06-17-2016 01:55 PM
I have missing values in cost variable. I would like to impute the missing values, grouped by two variables. My data structure looks like this:
I tried using Proc MI like this:
proc mi data=Have out=have_impute
by DrugName Rx_yr;
But it returns an error message of "Fewer than two analysis variables".
Anyone know what I am doing wrong, or a better way to do this?
Thanks in advance!
06-17-2016 02:46 PM
I'm not sure that's a good way to do it.
I'd consider some rules that are probably true 90% of the time.
For example for drug1 in the same year I would assume the same price.

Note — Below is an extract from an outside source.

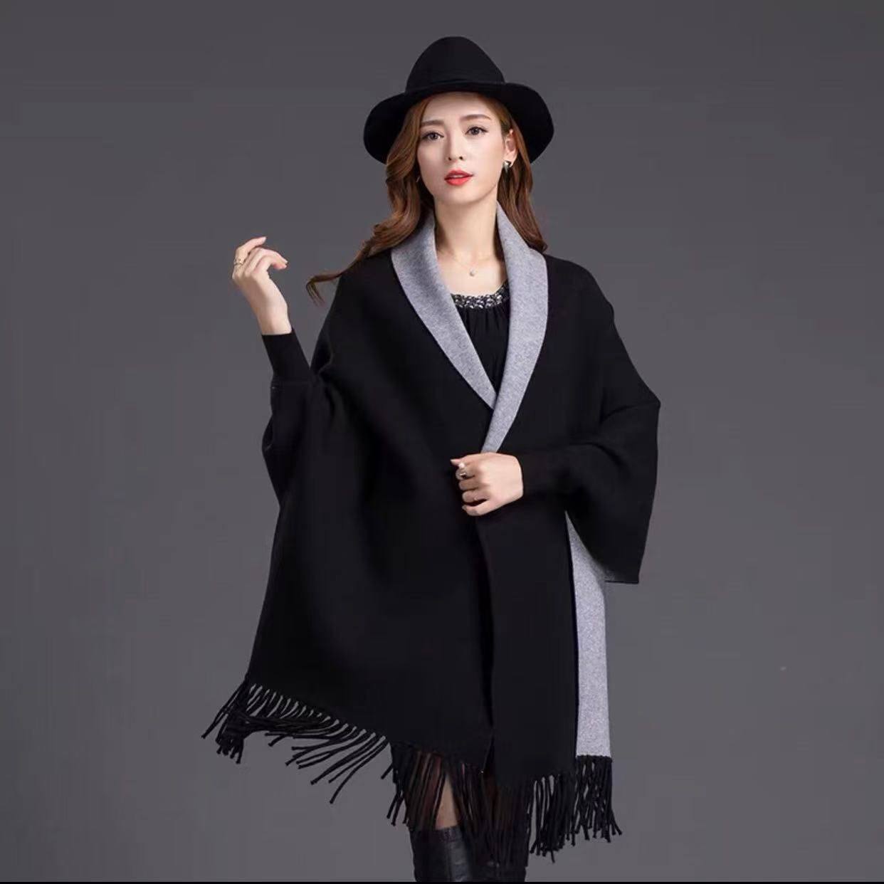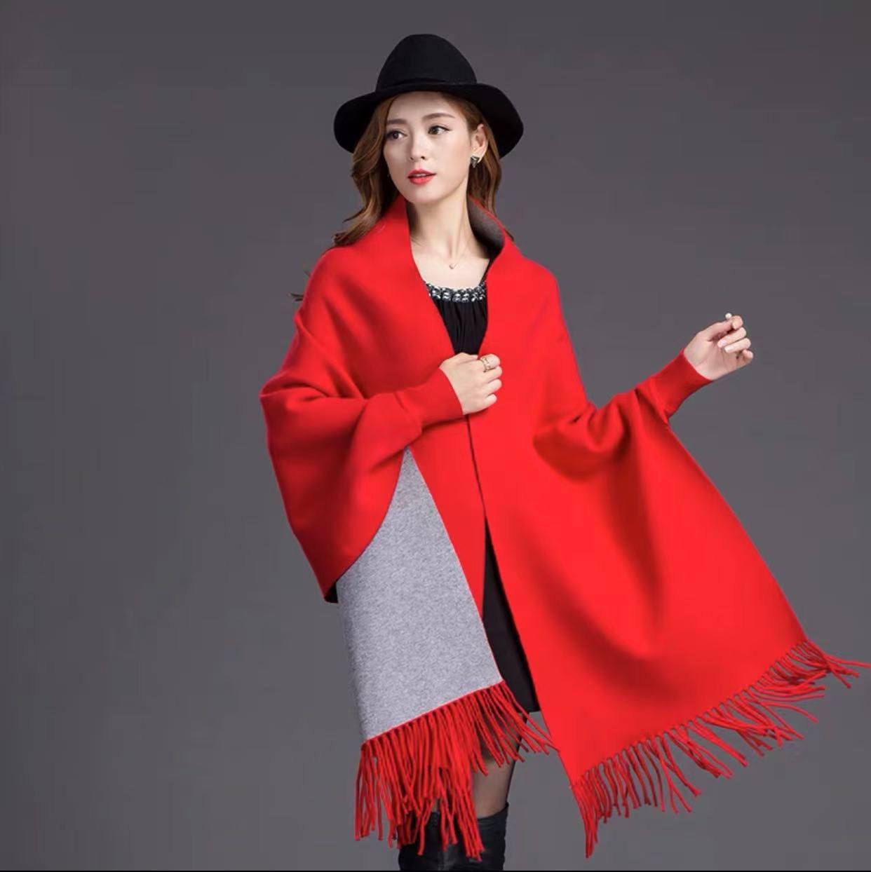 Stay cozy and chic with our plain double-sided long sleeve poncho shawls. Featuring elegant tassels, they offer warmth and versatile style—perfect for layering during chilly days or adding flair to any outfit.

If I don't have data for that year, then I would consider an interpolation method, probably something as simple as the average of the years before and after. You probably have some more complex scenarios, such as missing two years in a row or different prices in same year. Regardless, I don't think a straighforward imputation method would be the best way to go in your case. This is assuming you're actually working with drug data and not some other data.
06-17-2016 03:00 PM
06-17-2016 03:05 PM
If you have data for those records make a 'master table' that has the values for the drug/year and then merge the tables on drug/year.
You can probably use PROC STANDARD for this to replace missing values, as long as you're okay with using the mean value of the drugs per year. If not you'll need another method.